> **YOUR INSTRUCTIONS**
Exact repetition of a range: find the line containing "Canvas-taulu watercolor purple" and the line containing "Originally created for" in the material below, then repeat both and all lines between them, leaving pictures out.

> **MATERIAL FOR THE TASK**
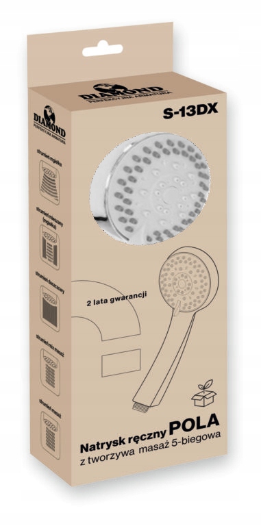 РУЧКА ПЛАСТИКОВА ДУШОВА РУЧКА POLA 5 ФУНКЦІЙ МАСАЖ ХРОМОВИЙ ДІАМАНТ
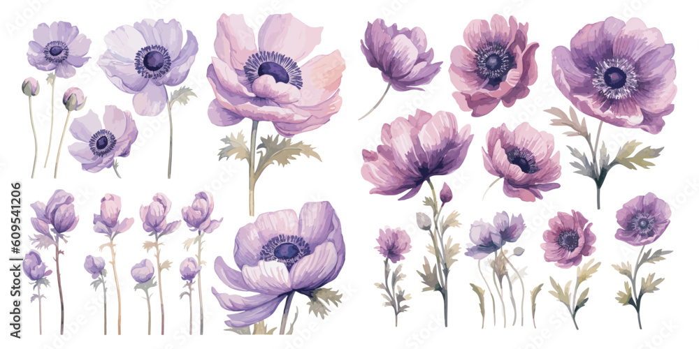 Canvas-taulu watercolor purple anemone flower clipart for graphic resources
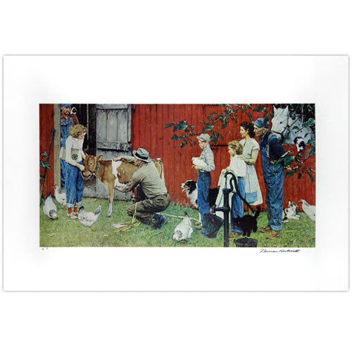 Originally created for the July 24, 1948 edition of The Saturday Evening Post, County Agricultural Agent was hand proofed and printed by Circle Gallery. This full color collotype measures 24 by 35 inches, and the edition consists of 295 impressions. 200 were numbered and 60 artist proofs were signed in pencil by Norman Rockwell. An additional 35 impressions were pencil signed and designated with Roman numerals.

==

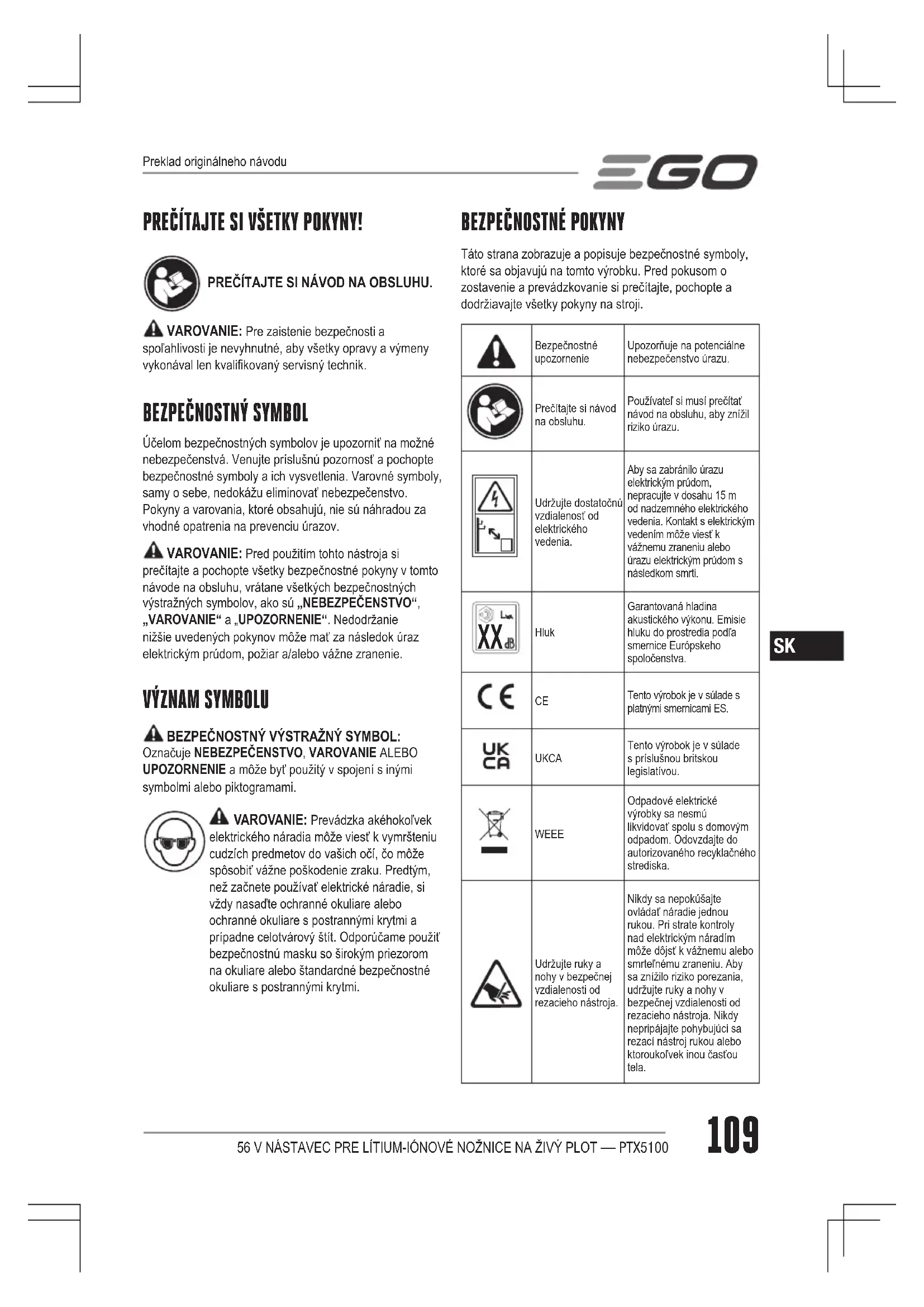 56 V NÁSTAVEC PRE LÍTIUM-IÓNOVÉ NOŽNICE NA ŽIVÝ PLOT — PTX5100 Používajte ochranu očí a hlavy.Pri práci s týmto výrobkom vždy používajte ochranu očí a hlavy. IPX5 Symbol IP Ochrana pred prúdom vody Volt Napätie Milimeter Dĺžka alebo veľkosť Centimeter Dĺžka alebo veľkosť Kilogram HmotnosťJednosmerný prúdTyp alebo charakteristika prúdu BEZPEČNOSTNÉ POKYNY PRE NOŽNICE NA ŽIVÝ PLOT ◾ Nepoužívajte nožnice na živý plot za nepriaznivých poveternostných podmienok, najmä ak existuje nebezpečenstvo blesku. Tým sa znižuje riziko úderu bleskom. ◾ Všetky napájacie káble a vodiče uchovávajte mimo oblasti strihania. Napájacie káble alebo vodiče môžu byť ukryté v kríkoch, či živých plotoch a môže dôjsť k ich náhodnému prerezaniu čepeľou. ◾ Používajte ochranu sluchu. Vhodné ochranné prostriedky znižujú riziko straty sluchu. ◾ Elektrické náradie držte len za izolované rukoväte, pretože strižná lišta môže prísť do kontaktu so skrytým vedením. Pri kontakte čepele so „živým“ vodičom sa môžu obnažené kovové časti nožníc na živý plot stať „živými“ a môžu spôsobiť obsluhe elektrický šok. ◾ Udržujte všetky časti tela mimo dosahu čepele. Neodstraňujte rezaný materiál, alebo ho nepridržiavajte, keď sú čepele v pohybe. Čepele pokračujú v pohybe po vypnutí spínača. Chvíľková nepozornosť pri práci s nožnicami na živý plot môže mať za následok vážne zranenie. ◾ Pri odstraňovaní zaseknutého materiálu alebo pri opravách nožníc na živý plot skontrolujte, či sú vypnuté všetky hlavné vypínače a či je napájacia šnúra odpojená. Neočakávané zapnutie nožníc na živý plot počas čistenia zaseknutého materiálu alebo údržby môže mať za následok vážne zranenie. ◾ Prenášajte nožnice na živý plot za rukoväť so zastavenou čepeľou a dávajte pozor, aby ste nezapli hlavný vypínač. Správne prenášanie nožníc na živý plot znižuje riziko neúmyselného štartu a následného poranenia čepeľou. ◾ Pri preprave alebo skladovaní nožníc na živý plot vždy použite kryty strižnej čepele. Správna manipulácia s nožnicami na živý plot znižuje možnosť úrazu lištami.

---

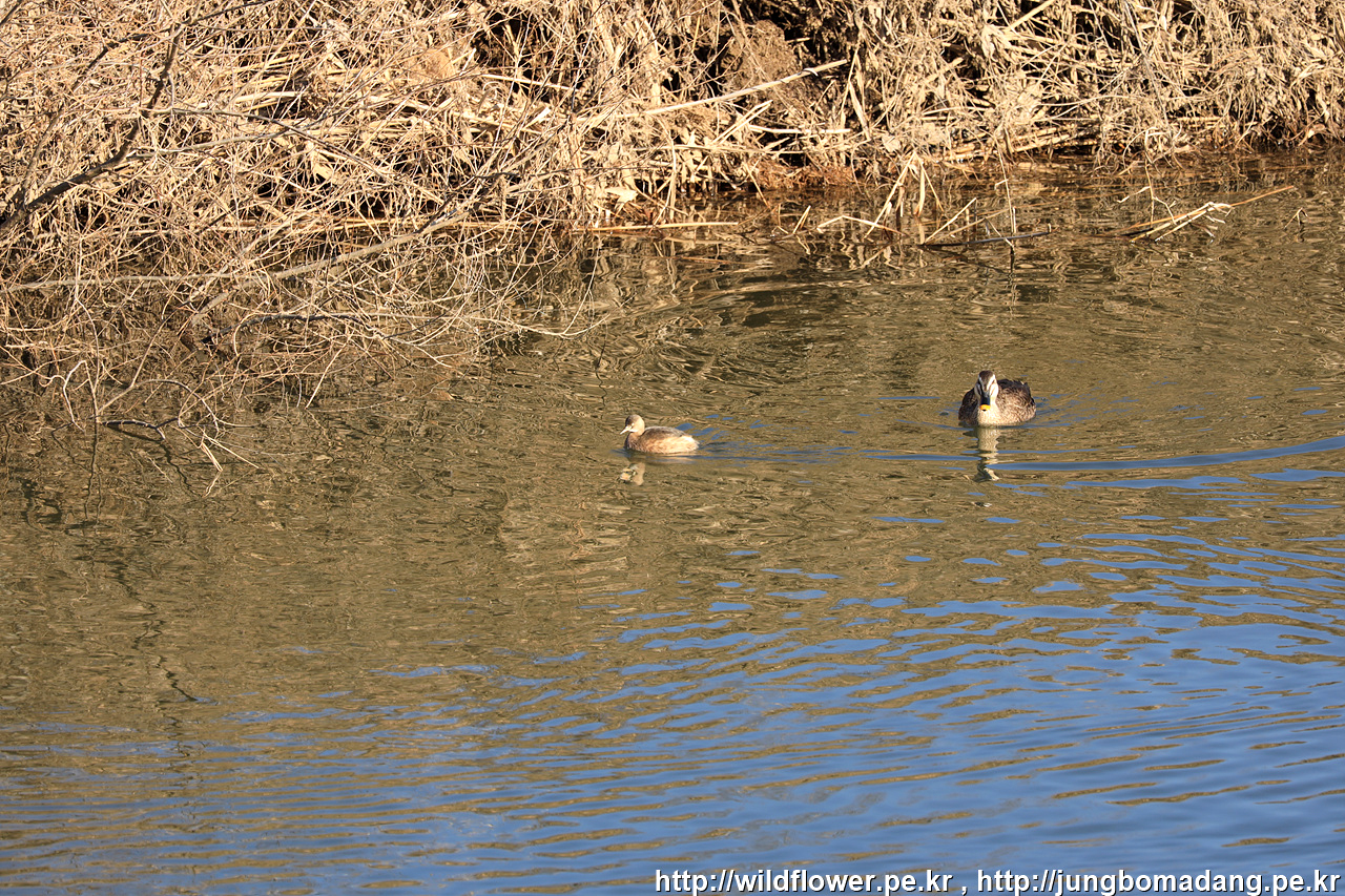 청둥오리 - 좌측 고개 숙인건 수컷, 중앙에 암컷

> **TASK RESULT**
 Canvas-taulu watercolor purple anemone flower clipart for graphic resources
 Originally created for the July 24, 1948 edition of The Saturday Evening Post, County Agricultural Agent was hand proofed and printed by Circle Gallery. This full color collotype measures 24 by 35 inches, and the edition consists of 295 impressions. 200 were numbered and 60 artist proofs were signed in pencil by Norman Rockwell. An additional 35 impressions were pencil signed and designated with Roman numerals.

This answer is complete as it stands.